The antiviral nuclear body protein SP140 represses Ifnb1 transcript stabilization by the novel regulator RESIST

Negative regulation of the antiviral cytokine IFN-I is critical to prevent host pathology, but is not fully understood. The highly conserved but understudied epigenetic reader and nuclear body protein SP140 represses IFN-I by an unknown mechanism. We describe the mechanism by which SP140 negatively regulates IFN-I, and include CUT&RUN data in this dataset. We performed anti-HA CUT&RUN on SP140KO macrophages transduced with HA-tagged or untagged SP140. We found that SP140 represses the expression of a novel positive regulator of IFN-I previously annotated as an annexin II receptor, which we rename RESIST (REgulated Stimulator of IFN-I via Stabilization of Transcript).
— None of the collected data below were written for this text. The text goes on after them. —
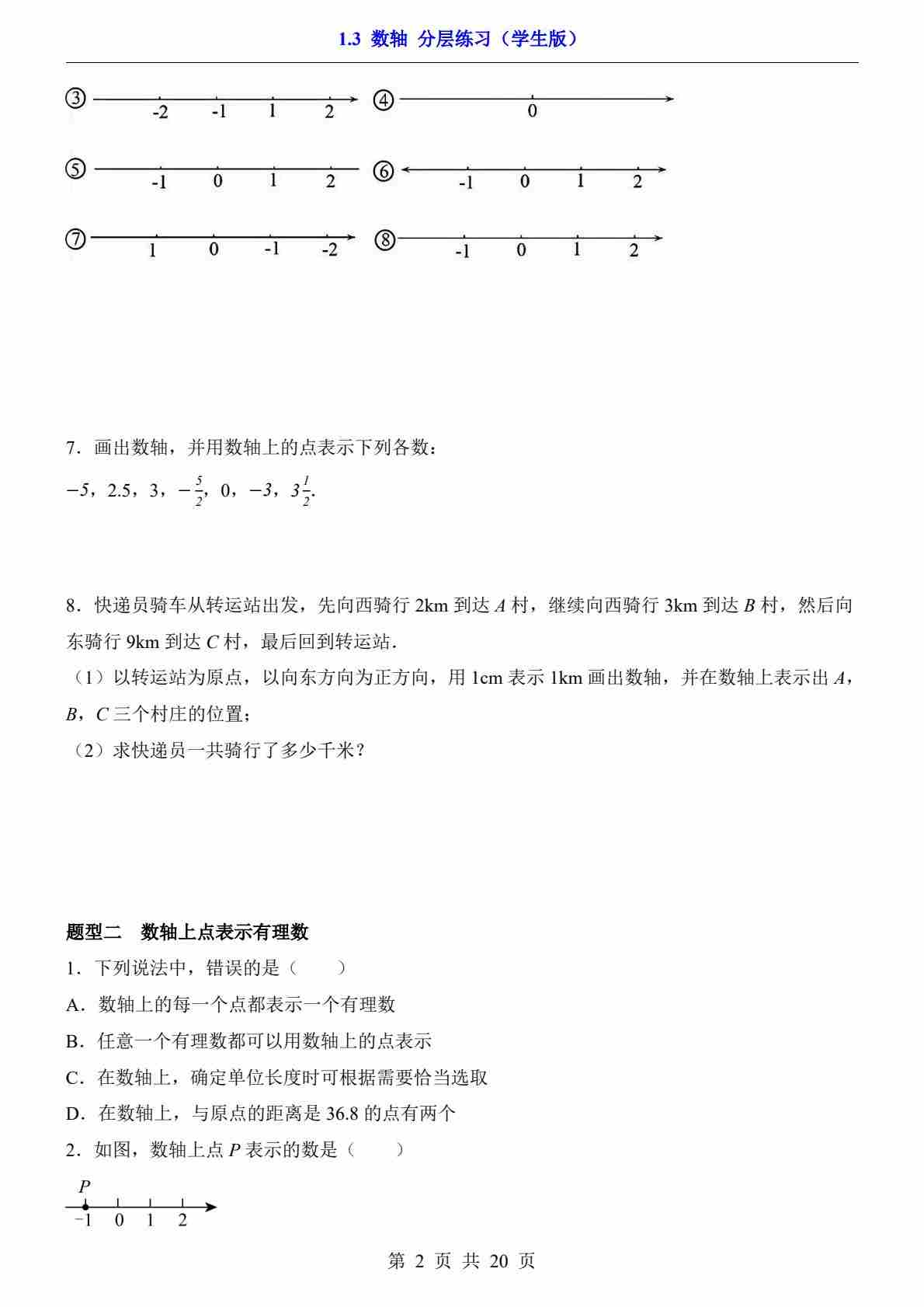 首页 > 全部 > 一课一练 > 1.3 数轴---(分层练习)
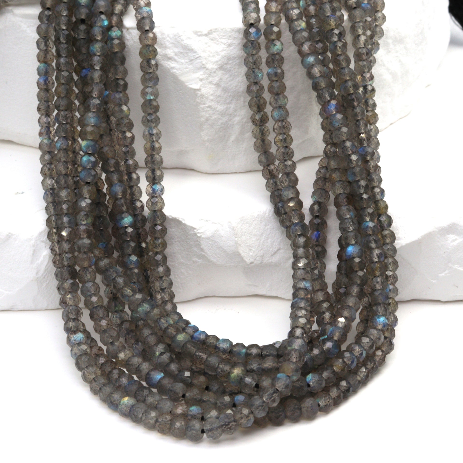 Blue Labradorite 3mm Faceted Rondelles Bead Strand
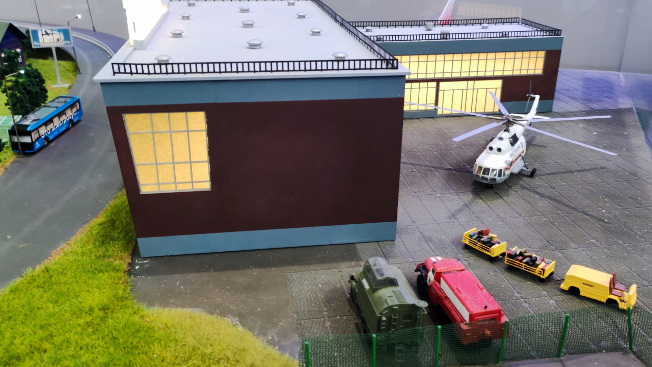 Фотография показывает детализированный участок авиационного макета, снятого на выставке «Россия» в павильоне №15 ВДНХ. В центре кадра расположена модель вертолёта Ми-8, рядом находятся багажные тележки, служебный автомобиль и противопожарная машина. На заднем плане видны здания аэропортовой инфраструктуры и проезжающий пассажирский автобус. Экспозиция создана для демонстрации работы наземных служб аэропорта и взаимодействия различных видов транспорта. Снимок подходит для материалов о вертолётной авиации, логистике и моделировании аэропортовых процессов.
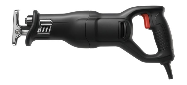 Lightweight reciprocating saw with a long stroke length for faster cutting of wooden pallets in a recycling plant.

RESIST promotes IFN-I mRNA stability by binding the CCR4-NOT mRNA deadenylase complex and blocking recruitment of the TTP family of RNA-binding proteins, which negatively regulate IFN-I mRNA stability, to CCR4-NOT. Mechanistically, RESIST uses N and C-terminal alpha-helices respectively to either dock to the CCR4-NOT complex or block TTP family binding. We also find SP140 does not bind the Ifnb1 gene itself. Consistent with previous results, SP140 binds genes involved in embryonic development. Our work reveals a new regulator of IFN-I and a new mechanism regulating IFN-I mRNA stability. We performed anti-HA CUT&RUN on 0.5e6 SP140 KO bone marrow derived macrophages (BMMs) transduced with untagged or HA-tagged SP140, treated with the STING agonist DMXAA at 100 ug/ml for 8 hours. We used triplicates (separate CUT&RUN reactions) for these conditions. We also performed CUT&RUN using an isotype control (rabbit) on 0.5e6 WT BMMs.